# Philippe le Chancelier (1160-1235)



## deprofundis (Apr 25, 2014)

Philippe le Chancelier was a french poet and classical composer of school of Notre-Dame France.
He is in the same league has Pérotin and Léonin ,, made of the same ink.

My guest is the following someone that enjoy Pérotin and Léonin will probably enjoy Le chancelier,
i read he left us 80 musical work according to wikipedia.

My verdict his, he may not be has interresting has Pérotin or Léonin bust he is still a distinguished menber of the ars antiqua period, sometime he sound similar to these two but have is flavor, i would says all does his music pretty it's rather simplistic, simplistic dosen't mean it's bad.
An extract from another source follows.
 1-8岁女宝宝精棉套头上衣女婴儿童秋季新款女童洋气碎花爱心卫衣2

My father said it sounded like gregorian i said to him i beg to differ, i heard ''real full blown gregorian''
and it dosen't sound like le chancelier.So i guess you can try this composer out he is a good lisen, i was not riveted on my chair when i would lisen to him but i only heard him like twice.

Gregorian to my knowledge is more like Herman the cripple to an extend Hildegard von Bingen, but for a reason Bingen is not full blown gregorian , to amateur perhaps, my father dosen know ars antiqua that mutch or medieval or renaissance like i do, but i never claim to be omniscient.
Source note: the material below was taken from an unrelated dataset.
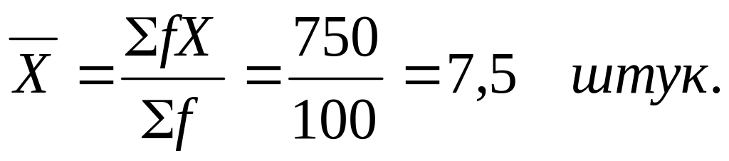 Итак, все рабочие произвели 750 штук изделий за смену, а каждый в среднем произвел по 7,5 штук.

Sorry for not putting mutch more on the actual composer of this post since very little is know from wikipedia per se unless there are page of fan im not aware of.
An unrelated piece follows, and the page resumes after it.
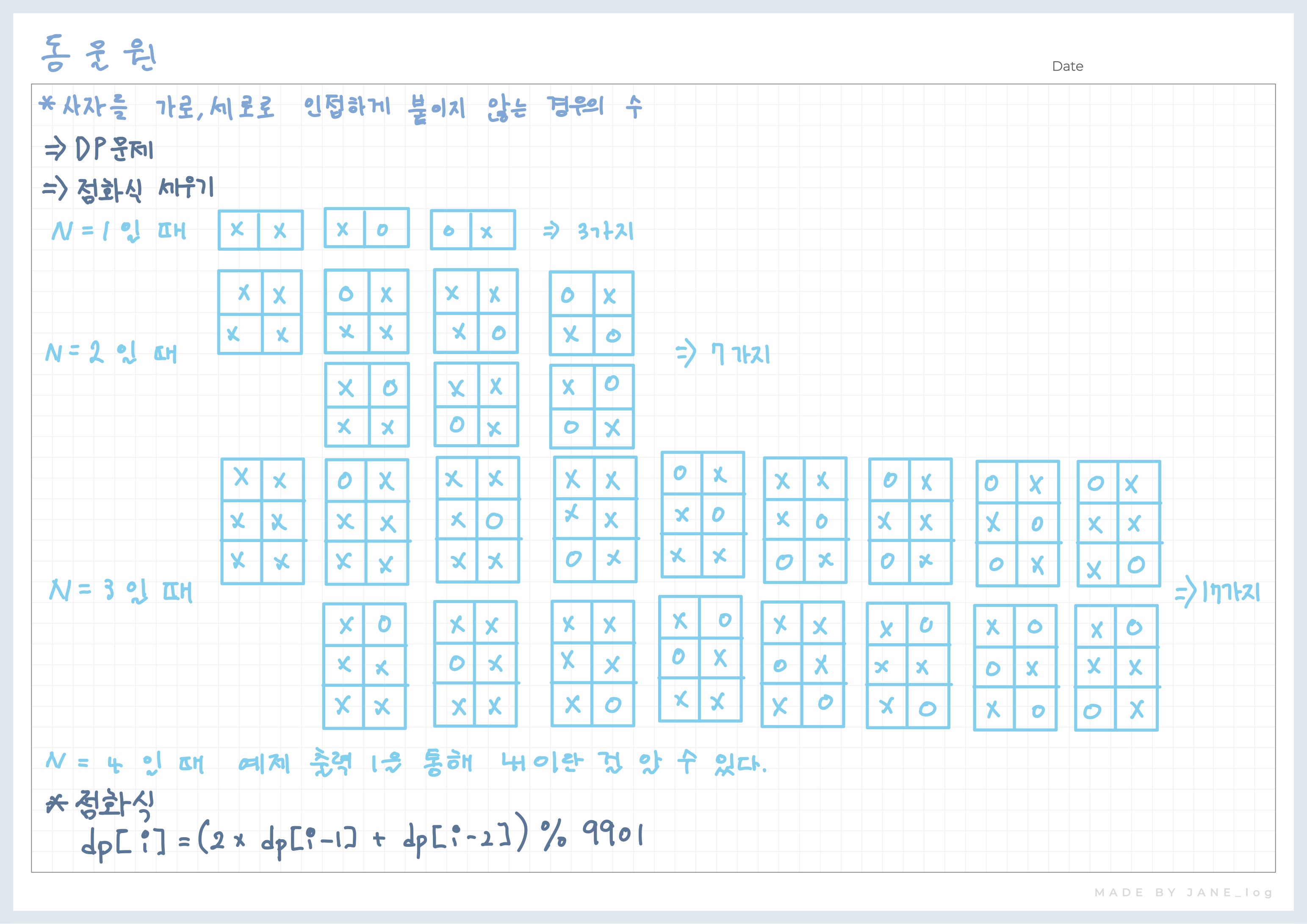 첫째 줄에 사자를 배치하는 경우의 수를 9901로 나눈 나머지를 출력하여라.

But if im fair enought he is has important has Adam de la Halle for his era, he should not be dismiss,
im not mad crazy about his work but i only had fews lisen like i said.What is your view on this gentelman please TC menber, he seem to be relatively obscur i only discover him recently and randomly.

:tiphat:

p.s i hope i wont upset a frenchman and perhaps i only heard one record of him so i can't tell i can be totally fair.


----------